생태학 입문서
Most ocean ecosystems can be divided into five levels.
Level 0 — Energy sources. Produces light, chemistry, radiation, or electric current. Examples: the sun, hydrothermal vents.
Level 1 — Primary producers Consume energy from level 0 to produce biomass. About 1% of energy is captured into biomass. Examples: plankton, coral.
Level 2 — Foragers Consume level 1 organisms, capturing about 10% of Level 1's energy. Examples: small fish, baleen whales, Strader 6 hivers
Level 3 — Carnivores Consume Level 2 organisms, capturing about 10% of Level 2's energy. Examples: squid, barracuda, Boreal 9 arachnid poachers
Level 4 — Apex predators Carnivores who are not preyed upon by any other carnivore in normal circumstances. Examples: saltwater crocodile, 4546b sea dragon, Nyos sphyx
Basement — Detritivores and recyclers This special level is reserved for organisms that feed on decaying matter, extracting energy from the leftovers of other levels. Examples: Strader 6 fungus gardeners
Organisms can operate on more than one level. Humans, for example, are both foragers and carnivores.

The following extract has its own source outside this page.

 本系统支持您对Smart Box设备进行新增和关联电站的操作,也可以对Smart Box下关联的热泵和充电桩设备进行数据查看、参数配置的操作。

Parasites are excluded because their ecological niche is purely subtractive.
The golden rule of ecosystems is that energy can only flow up. If any level of an ecosystem grows too large, it will destroy the level below, starving itself and levels above. The result is a die-back. Predators help manage this tendency, serving as 'executives of the wild'—stabilizing the ecosystem simply by pursuing their self-interest.

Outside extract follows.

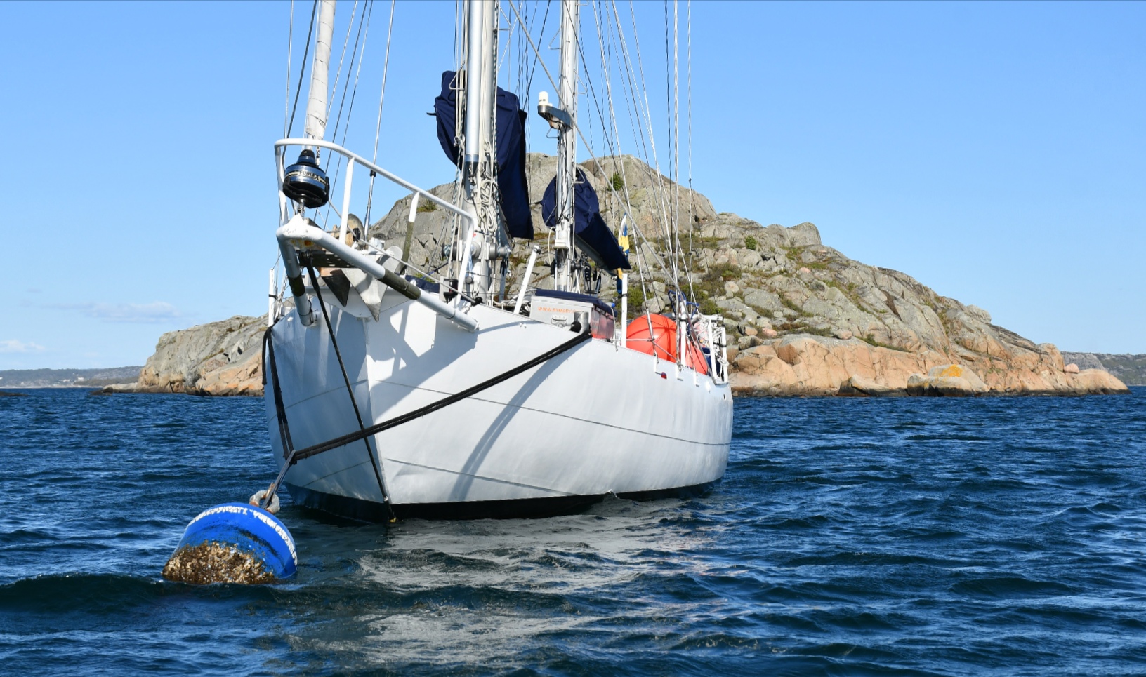 Vi förtöjer Mary i Kryssarklubbens boj vid Krokholmen.

Modern science has unified ecology and economics into the Lotka-Volterra-Goodwin logistic principle, which asserts that a cycle of self-regulating inequality (governed by competition for resource access) is the natural state of all living systems. Ecosystems will naturally maximize their energy capture and complexity. It is the right and purpose of each level of the system to drive this process through constant adaptation and innovation, extracting more energy from the level below while fighting off the level above. When one level grows too strong, the level above grows stronger too, triggering feedback through increased predation and exploitation that ultimately corrects the entire system.
Legal theorists are now working to enshrine this cycle of boom and collapse into transgov law as a fundamental right of organized systems.